Dataset items:

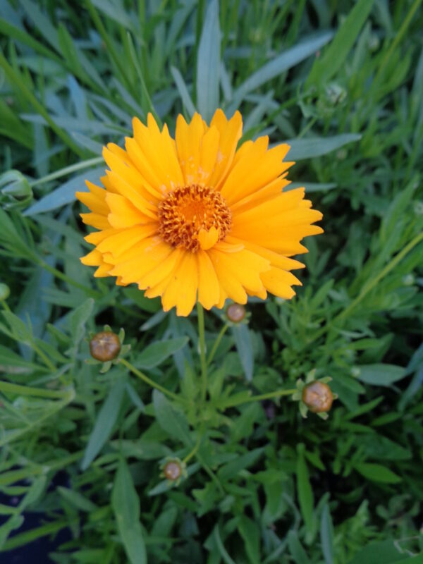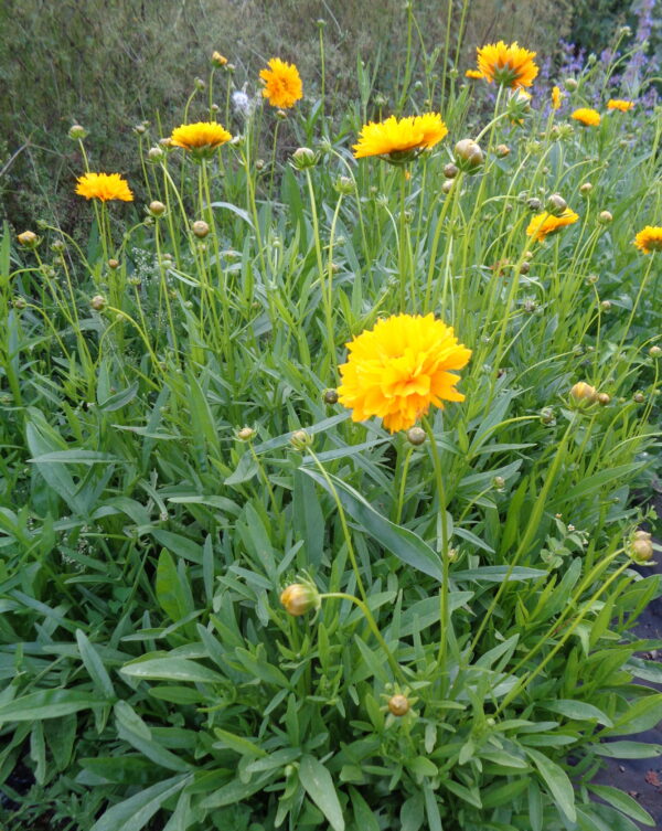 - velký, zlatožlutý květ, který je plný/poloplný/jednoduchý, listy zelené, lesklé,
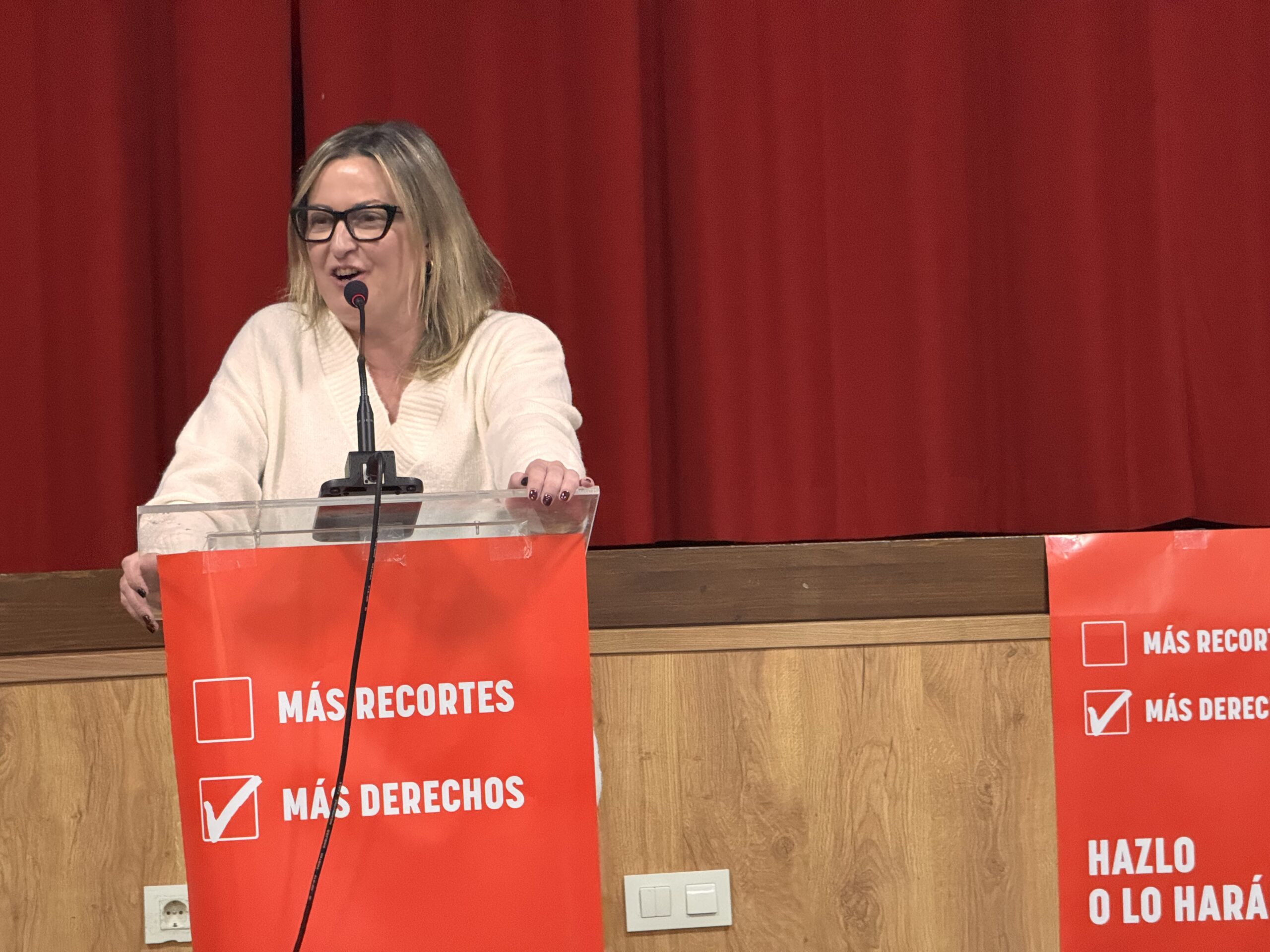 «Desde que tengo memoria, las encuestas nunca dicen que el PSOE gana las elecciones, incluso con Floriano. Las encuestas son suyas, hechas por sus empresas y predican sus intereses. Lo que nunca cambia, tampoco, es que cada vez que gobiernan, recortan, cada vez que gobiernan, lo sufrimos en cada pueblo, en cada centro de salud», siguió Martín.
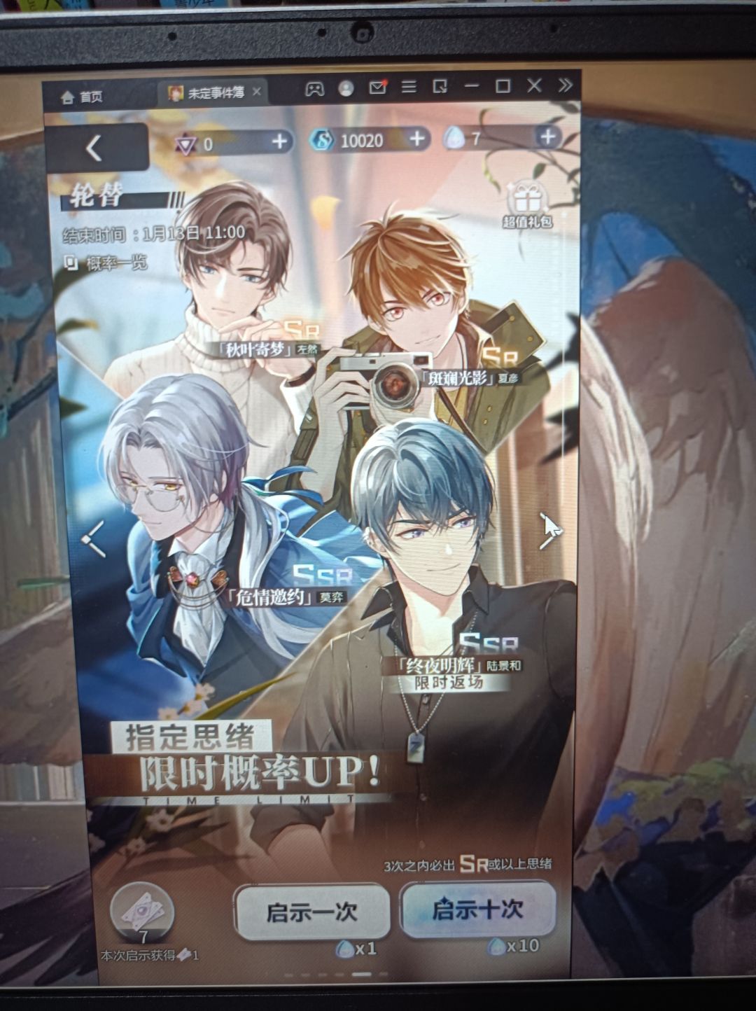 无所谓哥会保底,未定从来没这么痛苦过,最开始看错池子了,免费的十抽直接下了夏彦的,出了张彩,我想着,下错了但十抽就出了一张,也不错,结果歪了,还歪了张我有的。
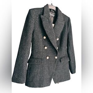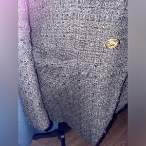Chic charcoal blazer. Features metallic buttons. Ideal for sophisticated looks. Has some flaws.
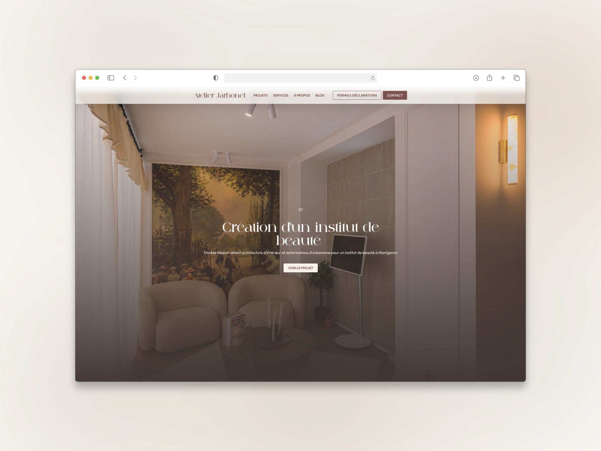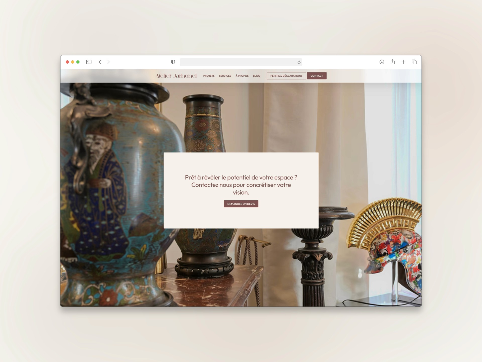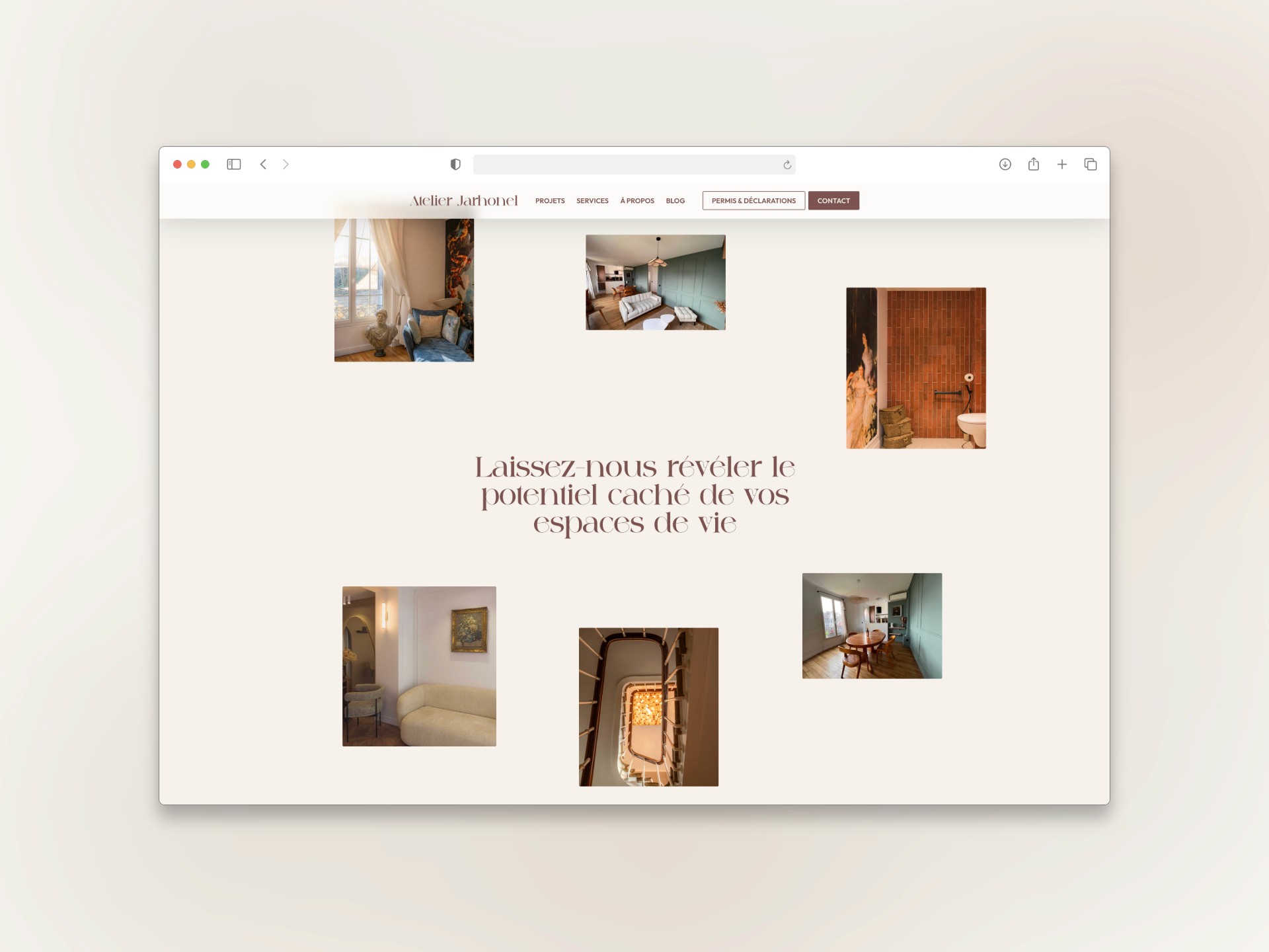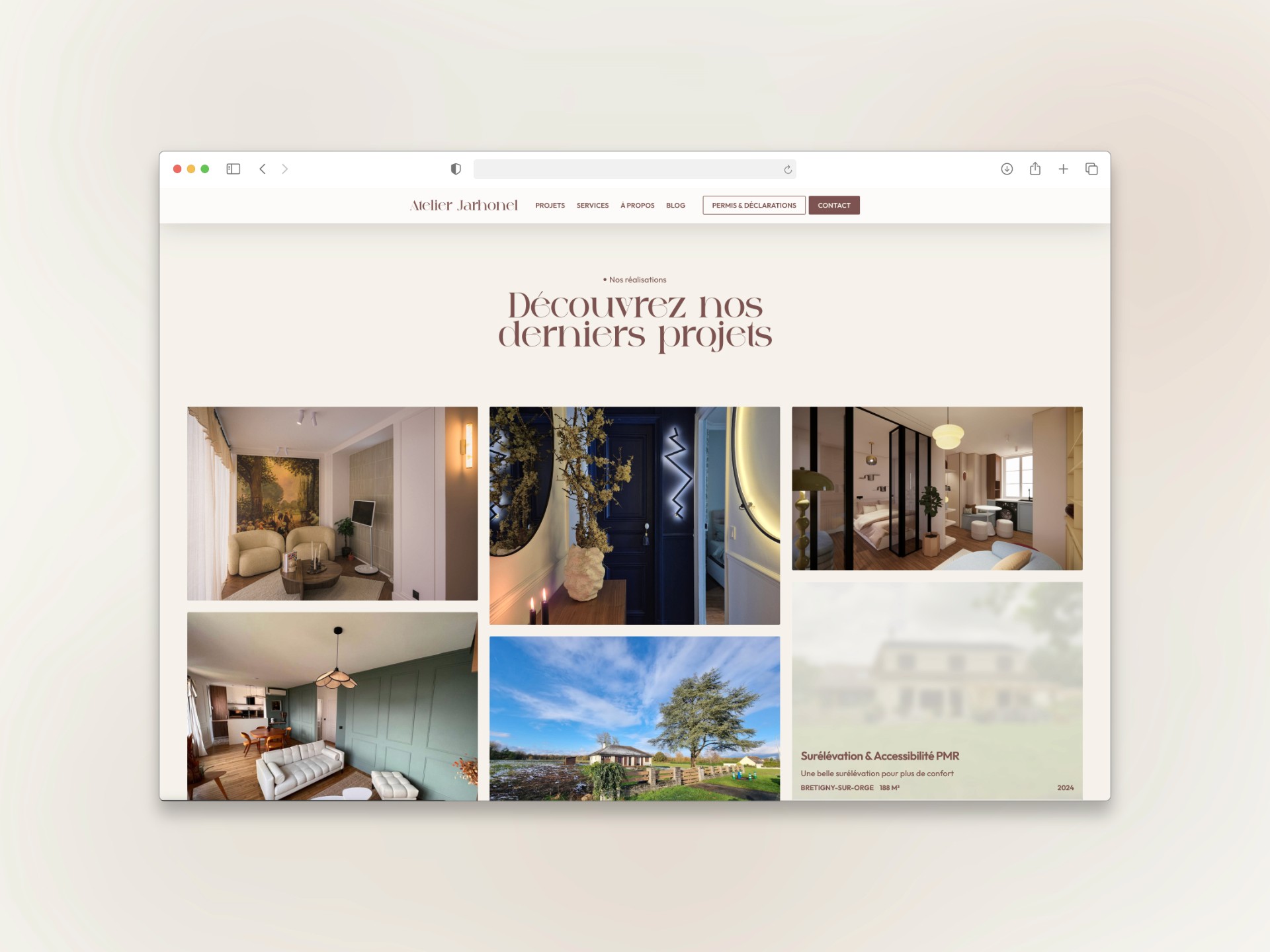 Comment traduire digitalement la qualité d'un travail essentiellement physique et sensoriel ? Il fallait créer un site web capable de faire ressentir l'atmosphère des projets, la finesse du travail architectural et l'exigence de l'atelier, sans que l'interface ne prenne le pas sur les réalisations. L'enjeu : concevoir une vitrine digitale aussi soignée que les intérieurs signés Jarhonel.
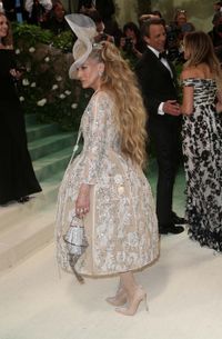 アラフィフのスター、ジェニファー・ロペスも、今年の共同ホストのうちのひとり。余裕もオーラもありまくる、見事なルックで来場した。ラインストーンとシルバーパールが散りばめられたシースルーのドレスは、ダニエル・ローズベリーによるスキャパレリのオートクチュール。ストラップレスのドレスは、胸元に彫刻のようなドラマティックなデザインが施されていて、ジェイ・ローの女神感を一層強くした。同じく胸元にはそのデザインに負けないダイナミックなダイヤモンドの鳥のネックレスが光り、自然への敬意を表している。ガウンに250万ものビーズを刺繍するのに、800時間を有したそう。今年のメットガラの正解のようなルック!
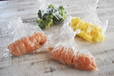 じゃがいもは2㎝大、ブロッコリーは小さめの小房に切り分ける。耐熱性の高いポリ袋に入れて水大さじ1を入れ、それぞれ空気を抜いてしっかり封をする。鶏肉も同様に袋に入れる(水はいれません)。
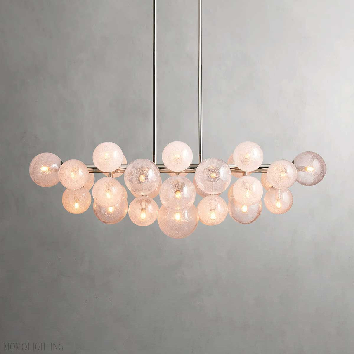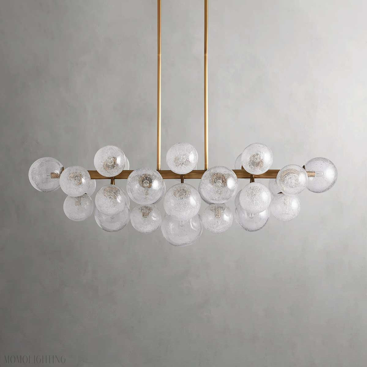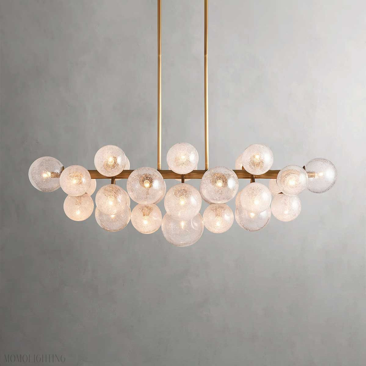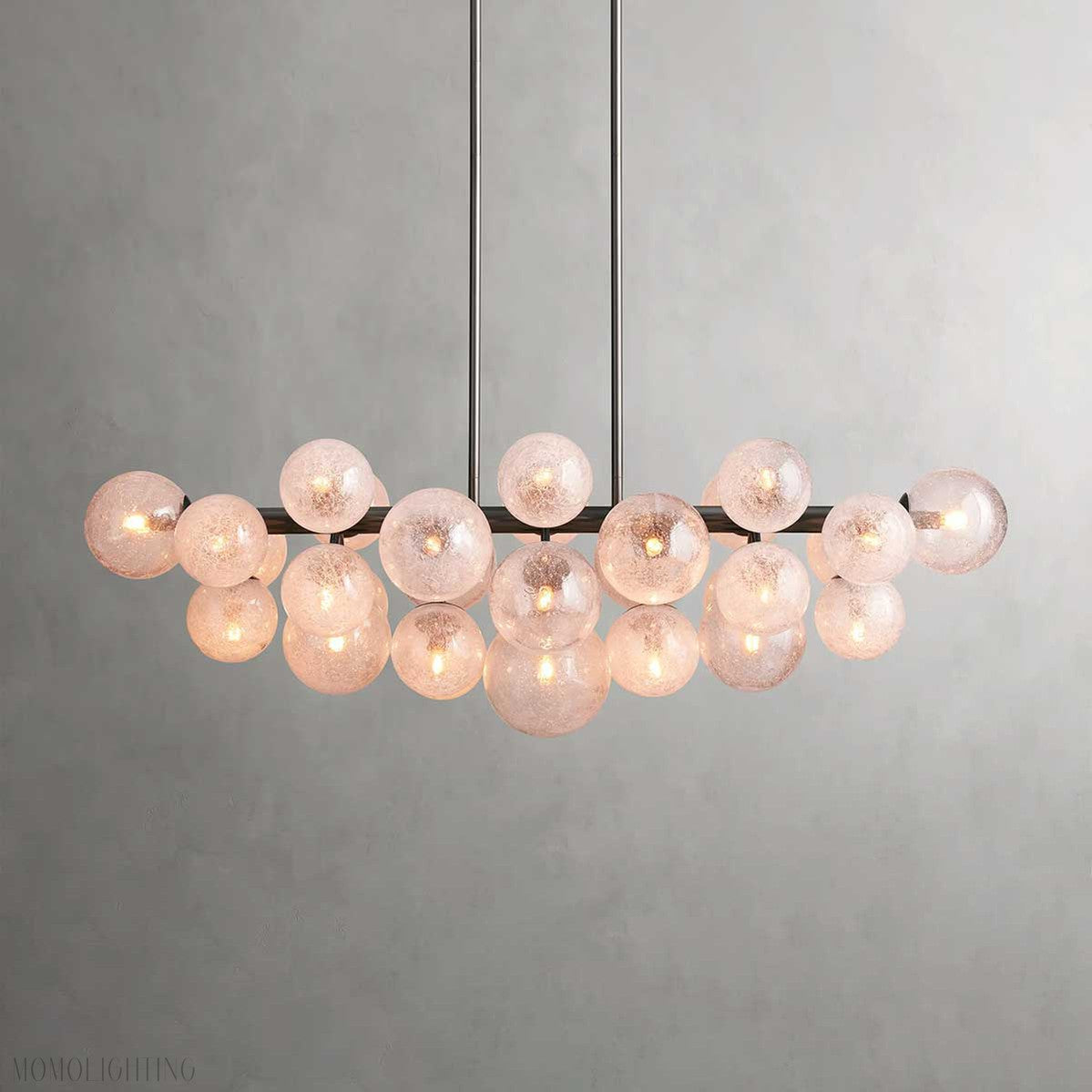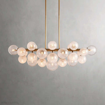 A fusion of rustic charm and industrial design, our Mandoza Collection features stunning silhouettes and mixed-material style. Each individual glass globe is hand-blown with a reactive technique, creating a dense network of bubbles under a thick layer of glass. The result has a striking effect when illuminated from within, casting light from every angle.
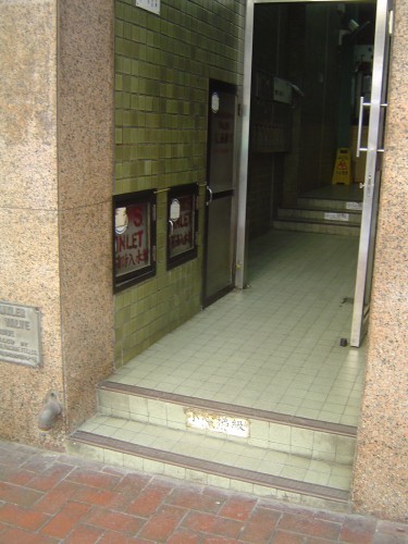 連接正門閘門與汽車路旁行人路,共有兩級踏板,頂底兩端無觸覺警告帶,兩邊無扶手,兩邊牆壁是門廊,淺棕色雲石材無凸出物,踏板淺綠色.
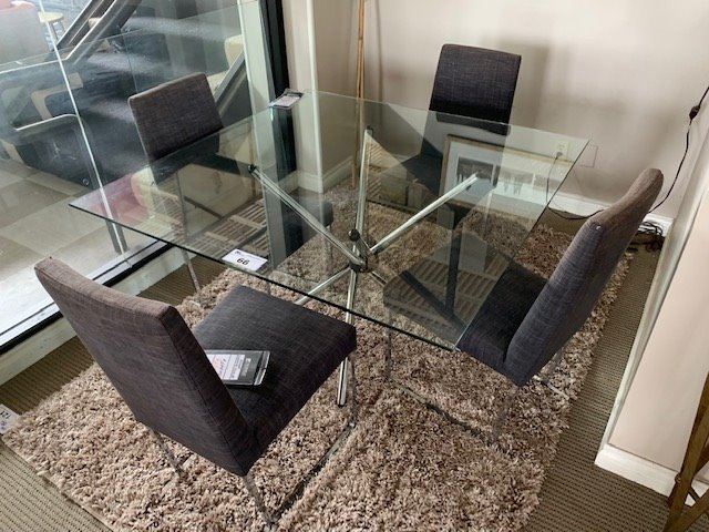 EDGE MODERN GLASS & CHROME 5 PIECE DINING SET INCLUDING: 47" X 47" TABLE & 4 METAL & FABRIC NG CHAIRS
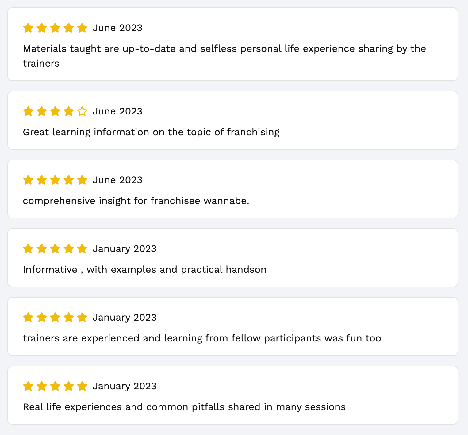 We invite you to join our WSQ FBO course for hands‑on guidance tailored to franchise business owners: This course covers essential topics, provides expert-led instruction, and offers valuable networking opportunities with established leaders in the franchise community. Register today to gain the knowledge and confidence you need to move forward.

Work task. Could you reproduce the records above exactly, leaving out every picture?

Task solution.
 - velký, zlatožlutý květ, který je plný/poloplný/jednoduchý, listy zelené, lesklé,
 «Desde que tengo memoria, las encuestas nunca dicen que el PSOE gana las elecciones, incluso con Floriano. Las encuestas son suyas, hechas por sus empresas y predican sus intereses. Lo que nunca cambia, tampoco, es que cada vez que gobiernan, recortan, cada vez que gobiernan, lo sufrimos en cada pueblo, en cada centro de salud», siguió Martín.
 无所谓哥会保底,未定从来没这么痛苦过,最开始看错池子了,免费的十抽直接下了夏彦的,出了张彩,我想着,下错了但十抽就出了一张,也不错,结果歪了,还歪了张我有的。
Chic charcoal blazer. Features metallic buttons. Ideal for sophisticated looks. Has some flaws.
 Comment traduire digitalement la qualité d'un travail essentiellement physique et sensoriel ? Il fallait créer un site web capable de faire ressentir l'atmosphère des projets, la finesse du travail architectural et l'exigence de l'atelier, sans que l'interface ne prenne le pas sur les réalisations. L'enjeu : concevoir une vitrine digitale aussi soignée que les intérieurs signés Jarhonel.
 アラフィフのスター、ジェニファー・ロペスも、今年の共同ホストのうちのひとり。余裕もオーラもありまくる、見事なルックで来場した。ラインストーンとシルバーパールが散りばめられたシースルーのドレスは、ダニエル・ローズベリーによるスキャパレリのオートクチュール。ストラップレスのドレスは、胸元に彫刻のようなドラマティックなデザインが施されていて、ジェイ・ローの女神感を一層強くした。同じく胸元にはそのデザインに負けないダイナミックなダイヤモンドの鳥のネックレスが光り、自然への敬意を表している。ガウンに250万ものビーズを刺繍するのに、800時間を有したそう。今年のメットガラの正解のようなルック!
 じゃがいもは2㎝大、ブロッコリーは小さめの小房に切り分ける。耐熱性の高いポリ袋に入れて水大さじ1を入れ、それぞれ空気を抜いてしっかり封をする。鶏肉も同様に袋に入れる(水はいれません)。
 A fusion of rustic charm and industrial design, our Mandoza Collection features stunning silhouettes and mixed-material style. Each individual glass globe is hand-blown with a reactive technique, creating a dense network of bubbles under a thick layer of glass. The result has a striking effect when illuminated from within, casting light from every angle.
 連接正門閘門與汽車路旁行人路,共有兩級踏板,頂底兩端無觸覺警告帶,兩邊無扶手,兩邊牆壁是門廊,淺棕色雲石材無凸出物,踏板淺綠色.
 EDGE MODERN GLASS & CHROME 5 PIECE DINING SET INCLUDING: 47" X 47" TABLE & 4 METAL & FABRIC NG CHAIRS
 We invite you to join our WSQ FBO course for hands‑on guidance tailored to franchise business owners: This course covers essential topics, provides expert-led instruction, and offers valuable networking opportunities with established leaders in the franchise community. Register today to gain the knowledge and confidence you need to move forward.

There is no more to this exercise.